1st Edition

Abbot Joachim of Fiore and Joachimism Selected Articles

By E. Randolph Daniel Copyright 2011
    374 Pages
    by Routledge

    In the articles included in this collection, Professor Daniel argues that Abbot Joachim of Fiore was a disciple of Bernard of Clairvaux whose tertius status was reformist, not millenialist. Like the other reformists, Gerhoch of Reichersberg and Hildegard of Bingen, Joachim looked forward to the coming of a thoroughly reformed, holy church to be achieved in the near future by reform of the episcopate and the clergy. The status of the Holy Spirit was the culmination of the preceding status, not a radically new beginning. Apocalypticism in both its reformist and in its imperialist versions was part of the mainstream, despite the efforts of the schoolmen to suppress it. The author also sheds significant new light on apocalyptic thinking in the mid-fourteenth century with a thorough analysis of Henry of Kirkstede's vade mecum, Cambridge Corpus Christi 404 and his first edition of Henry's De antichristo et de fine mundi. This study, and three others, are published here for the first time.
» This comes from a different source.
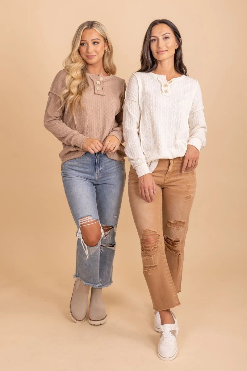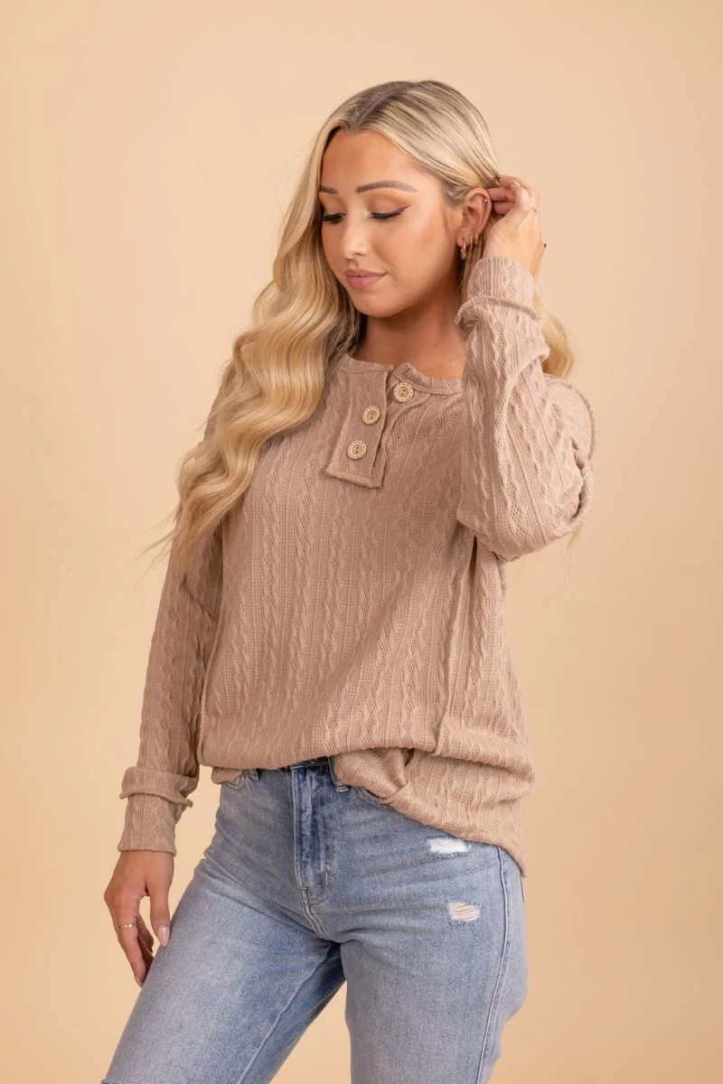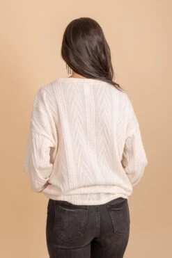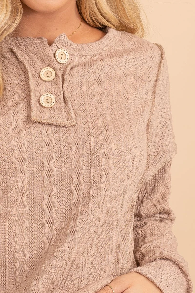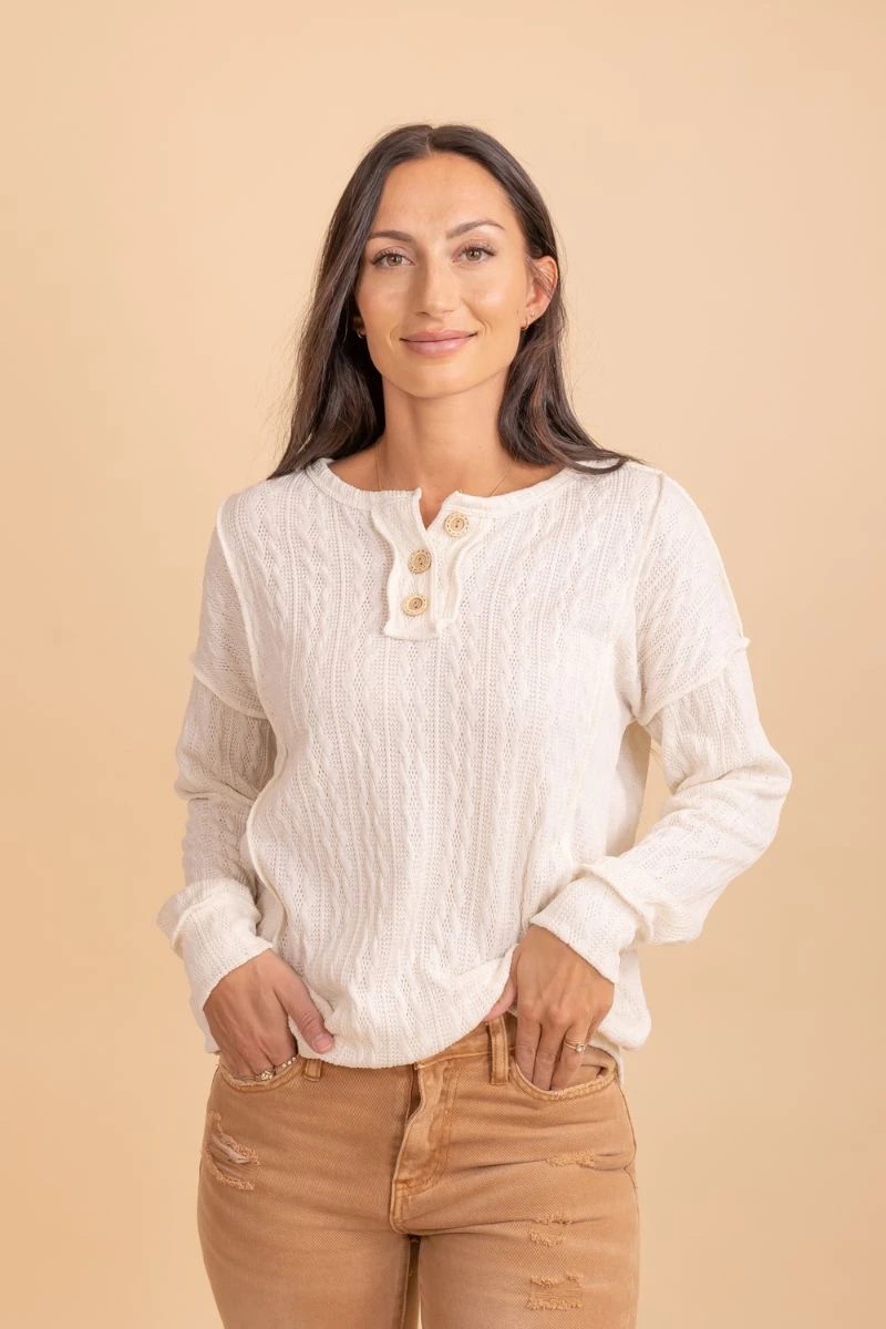 Our When The Time Is Right Cable Knit Sweater is a must-have! This sweater features the most comfortable cable knit material, cozy long sleeves, and a button up neckline. The stretchy, soft knit material make this sweater so comfy for the chilly days ahead!

    Contents: Introduction; Joachim of Fiore: new editions and studies; The double procession of the Holy Spirit in Joachim of Fiore's understanding of history; Abbot Joachim of Fiore: the De ultimis tribultationibus; Joachim of Fiore: patterns of history in the Apocalypse; A new understanding of Joachim: the concords, the exile and the exodus; Abbot Joachim of Fiore and the conversion of the Jews; Double Antichrists or antichrists: Abbot Joachim of Fiore; Heresy and Abbot Joachim of Fiore; A re-examination of the origins of Franciscan Joachitism; The manuscripts of the Liber de Concordia and early Joachimism; Apocalyptic conversion: the Joachite alternative to the crusades; Reformist apocalypticism and the Friars Minor; Reformers or revolutionaries? Sabatier, Francis and Joachim; St Bonaventure's debt to Joachim; Symbol or model? St Bonaventure's use of St Francis; English Joachimism, 1300-1500: the Columbinus prophecy (with Kathryn Kerby-Fulton); Henry of Kirkstede's De antichristo et de fine mundi; Medieval apocalypticism, millennialism and violence; Index.

    Biography

    E. Randolph Daniel is a is professor emeritus of the University of Kentucky, where he taught Medieval History.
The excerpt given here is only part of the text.